Afghanistan remains a desperately poor country with a partially-dysfunctional economy that is rife with corruption. There is little prospect that it will be able to afford security forces adequate to prevent the return of the Taliban, al Qaeda, or the expansion of ISIS any time soon. The Obama administration has shown great reluctance in committing to providing the funds necessary to sustain the Afghan security forces at an adequate level for the long term. Are you willing to make such a commitment?

5.) Would you impose firm timelines or restrictions on the nature, extent, and duration of US assistance to Afghanistan that are not based on conditions on the ground?
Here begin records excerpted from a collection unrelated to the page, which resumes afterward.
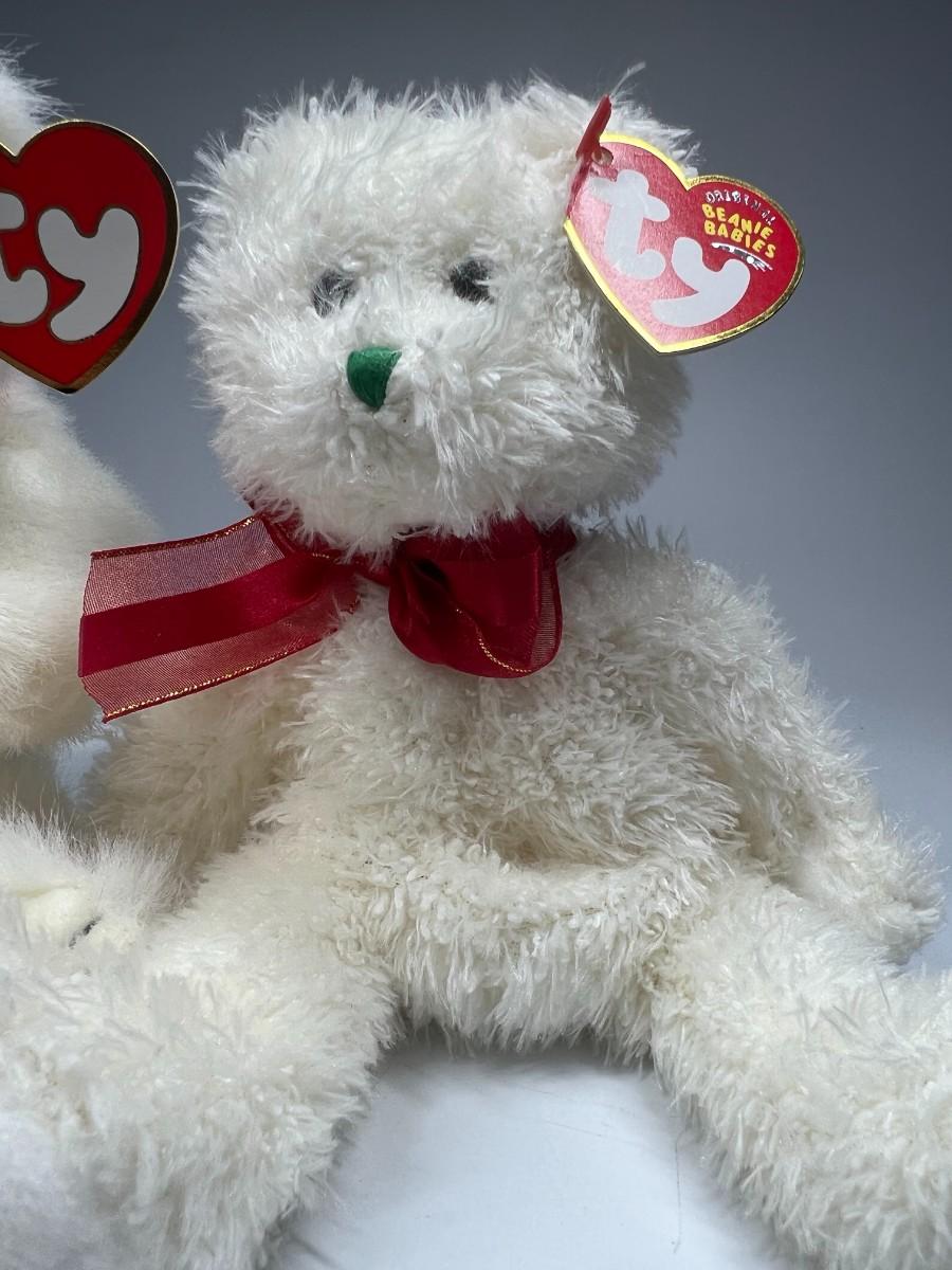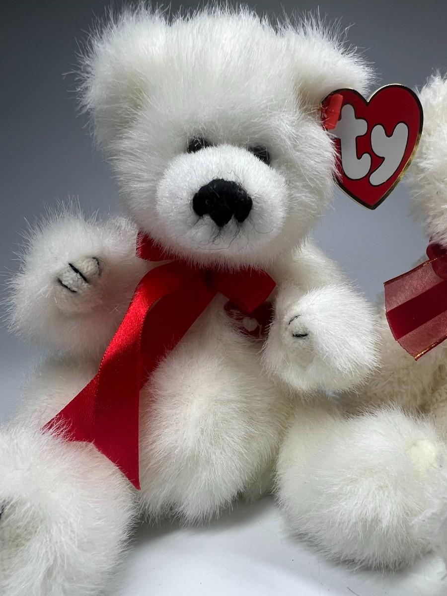 Pair of Ty Beanie Baby Plush White Bears with Red Ribbons. In good condition. Hang tags attached.
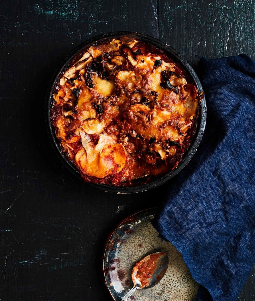 Juureksista haudutettu pata on ihanaa lohturuokaa. Tuorejuusto antaa moussakalle ihanan kermaisen maun.
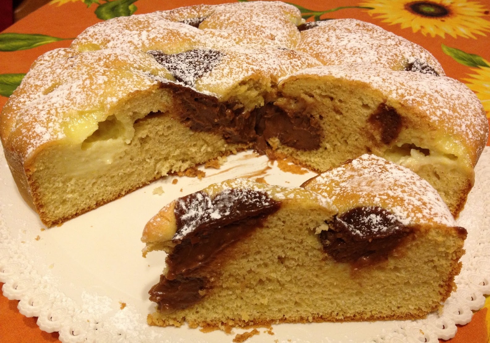 Preparare la crema pasticcera: sbattere l'uovo con lo zucchero, unire la maizena, la vanillina ed amalgamare bene. Versare il latte ed immergere la scorza di limone intera tagliata con il coltello. Porre sul fuoco e cuocere. Sciogliere a bagnomaria i 2 cioccolati insieme. Dividere la crema preparata precedentemente in 2 parti uguali ed in una versare i cioccolati fusi e mescolare. Ora preparare la base: montare le uova con lo zucchero, unire la vanillina, la scorza grattugiata di limone, l'olio ed amalgamare bene con le fruste. Versare il latte, mescolare ed infine aggiungere la farina ed il lievito e mescolare bene. Imburrare ed infarinare una tortiera e versare il composto della base. A questo punto mettere a cucchiaiate su tutta la superficie la crema pasticcera alternata a quella al cioccolato. Infornare a 180 gradi per 40-45 minuti. Lasciar raffreddare e sformare.

Criticizing the Obama administration’s fixation with arbitrary timelines is easy. The withdrawal of forces from Iraq and Afghanistan on a date-driven rather than conditions-driven basis is one of the principal reasons for the collapse of security in Iraq and its deterioration in Afghanistan. It is true, however, that the US risks creating a long-term dependence on the presence of its own combat forces if it takes too much of the burden of securing Afghanistan on itself for too long. How would you balance the requirement to provide enough support of the right kind to ensure that our national security interests are protected with the need to encourage the Afghans to develop their own indigenous abilities to keep terrorists out of their country over time?